[Data entries]
________________

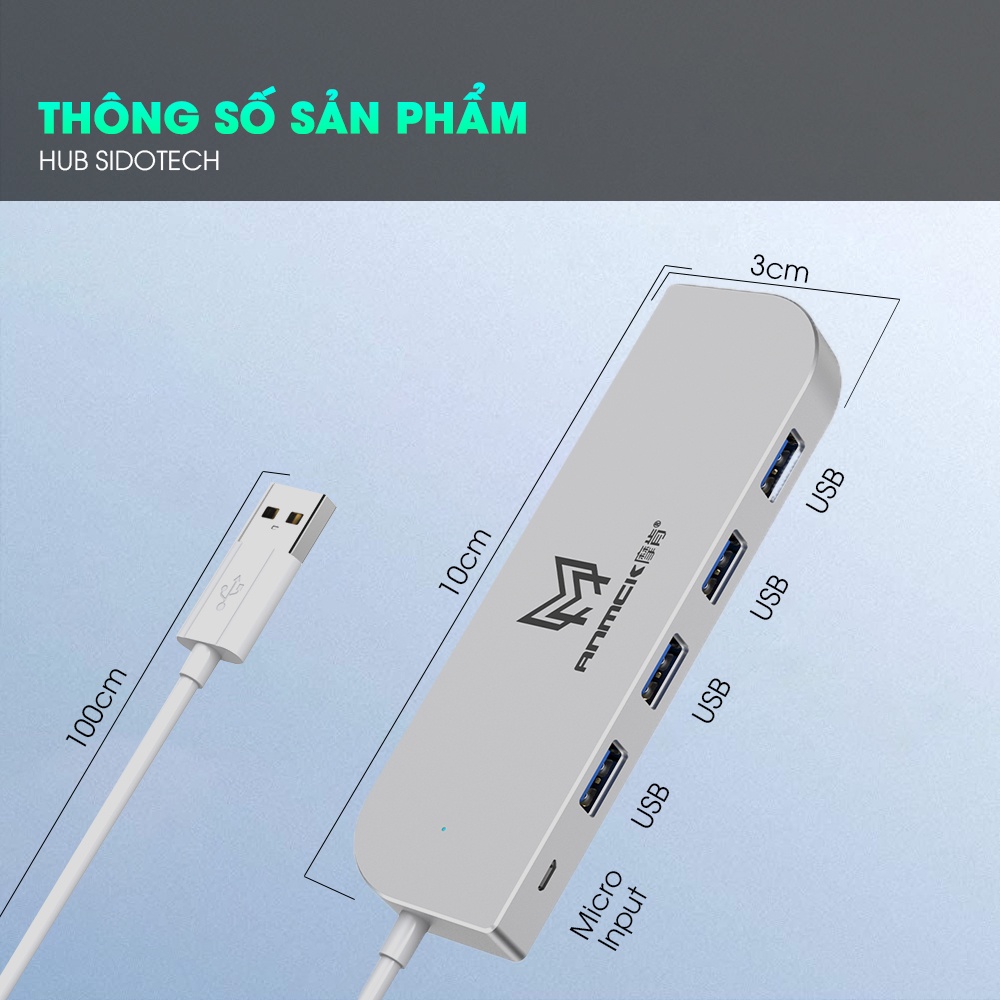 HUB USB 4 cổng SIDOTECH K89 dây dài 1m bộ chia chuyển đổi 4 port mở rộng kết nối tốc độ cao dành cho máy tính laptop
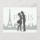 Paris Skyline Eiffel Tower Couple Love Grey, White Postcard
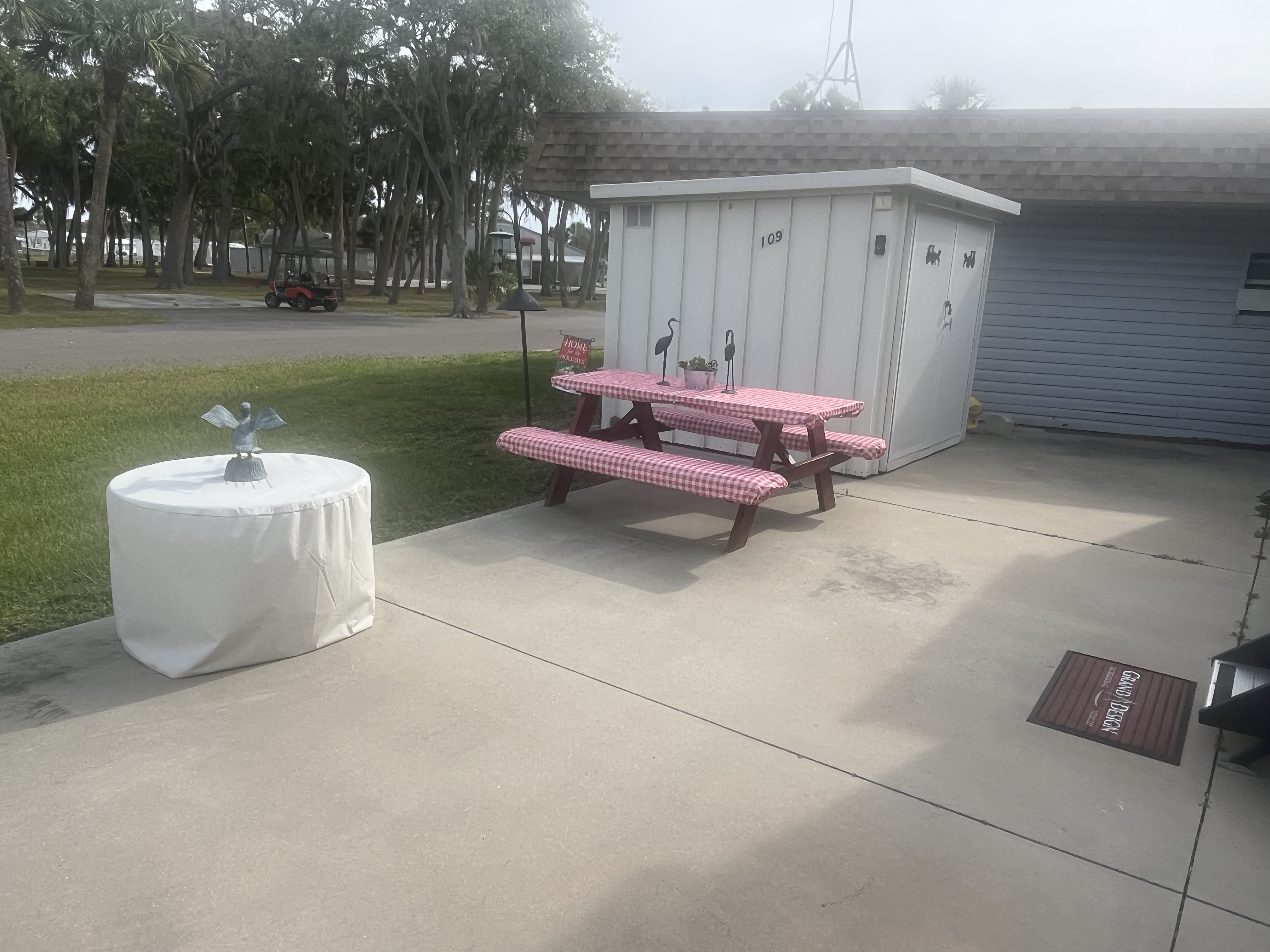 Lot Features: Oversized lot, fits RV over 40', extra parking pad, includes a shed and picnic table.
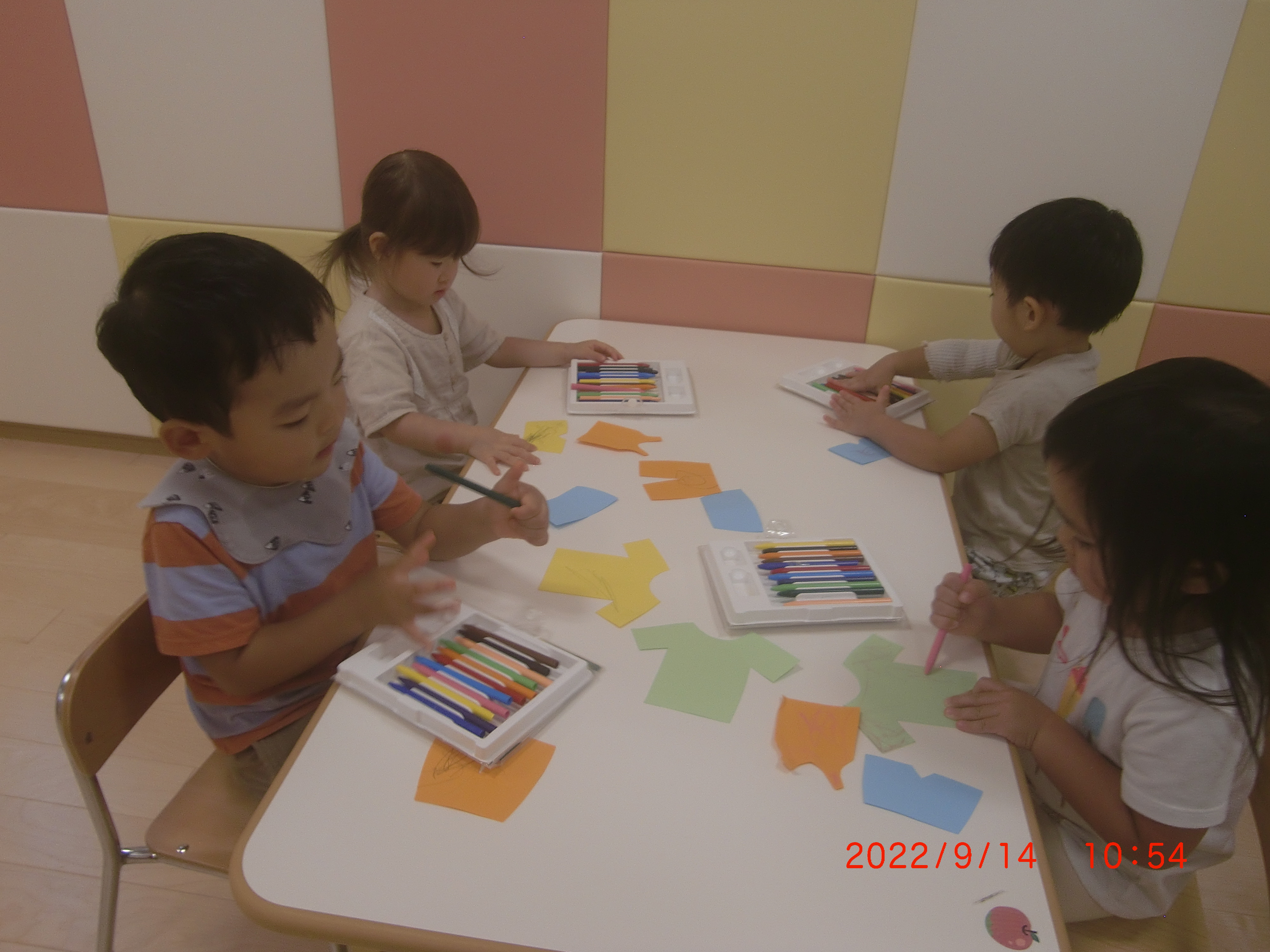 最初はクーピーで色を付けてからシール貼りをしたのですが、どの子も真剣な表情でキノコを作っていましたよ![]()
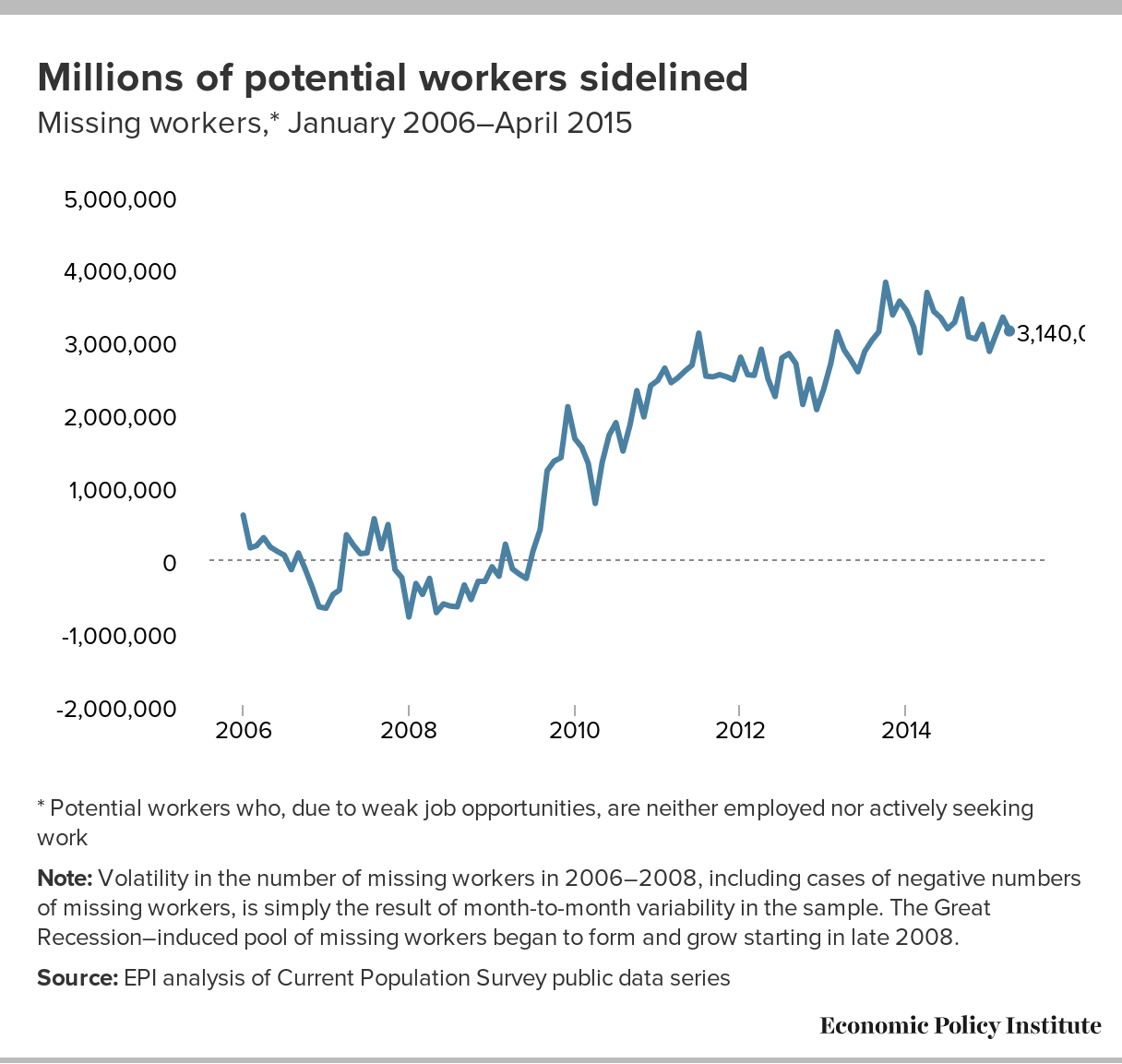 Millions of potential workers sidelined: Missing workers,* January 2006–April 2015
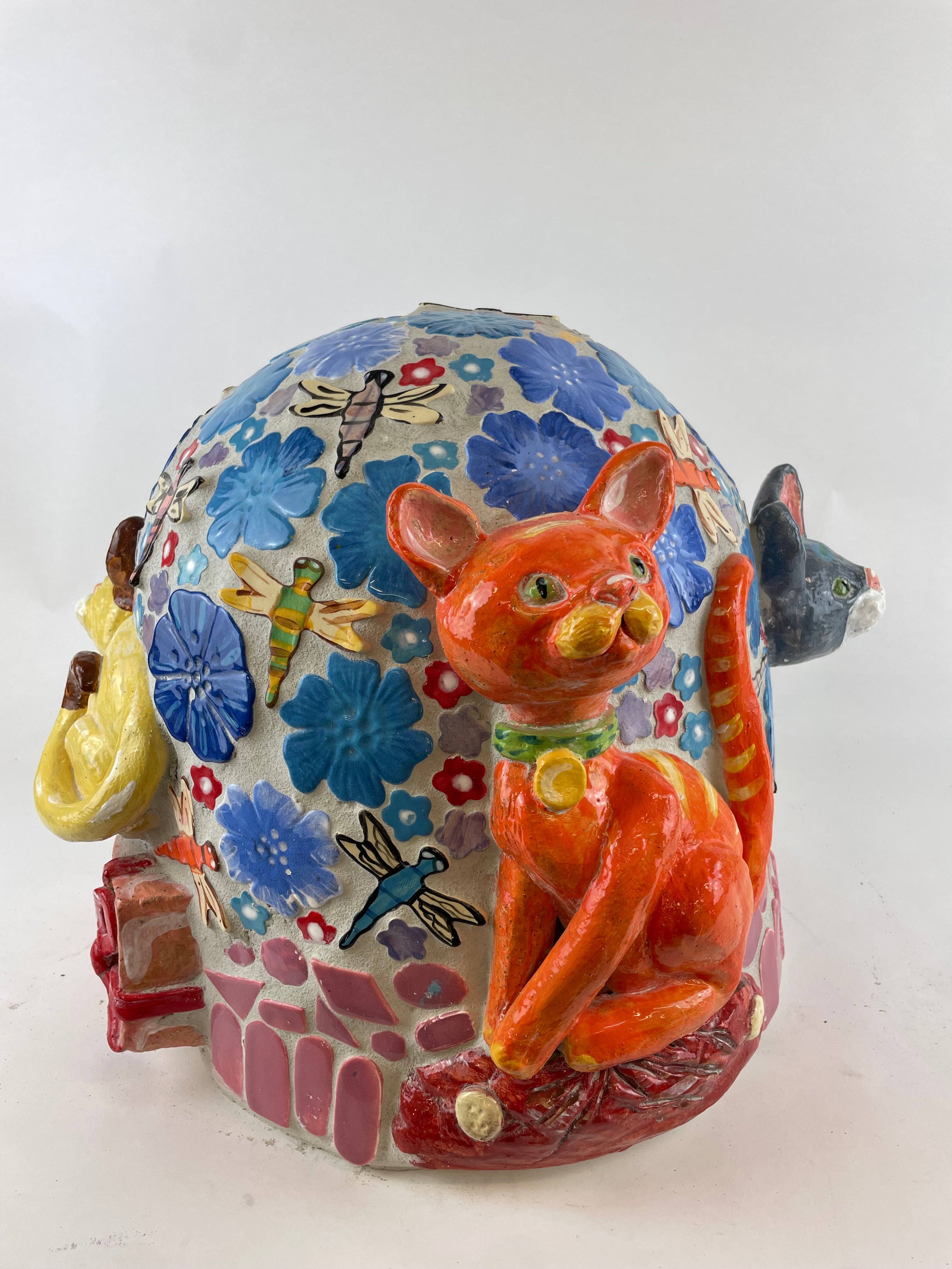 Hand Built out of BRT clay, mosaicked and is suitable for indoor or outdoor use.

________________

• EXERCISE: The data above must be copied exactly. Leave out the pictures.

• FINAL ANSWER:
 HUB USB 4 cổng SIDOTECH K89 dây dài 1m bộ chia chuyển đổi 4 port mở rộng kết nối tốc độ cao dành cho máy tính laptop
 Paris Skyline Eiffel Tower Couple Love Grey, White Postcard
 Lot Features: Oversized lot, fits RV over 40', extra parking pad, includes a shed and picnic table.
 最初はクーピーで色を付けてからシール貼りをしたのですが、どの子も真剣な表情でキノコを作っていましたよ![]()
 Millions of potential workers sidelined: Missing workers,* January 2006–April 2015
 Hand Built out of BRT clay, mosaicked and is suitable for indoor or outdoor use.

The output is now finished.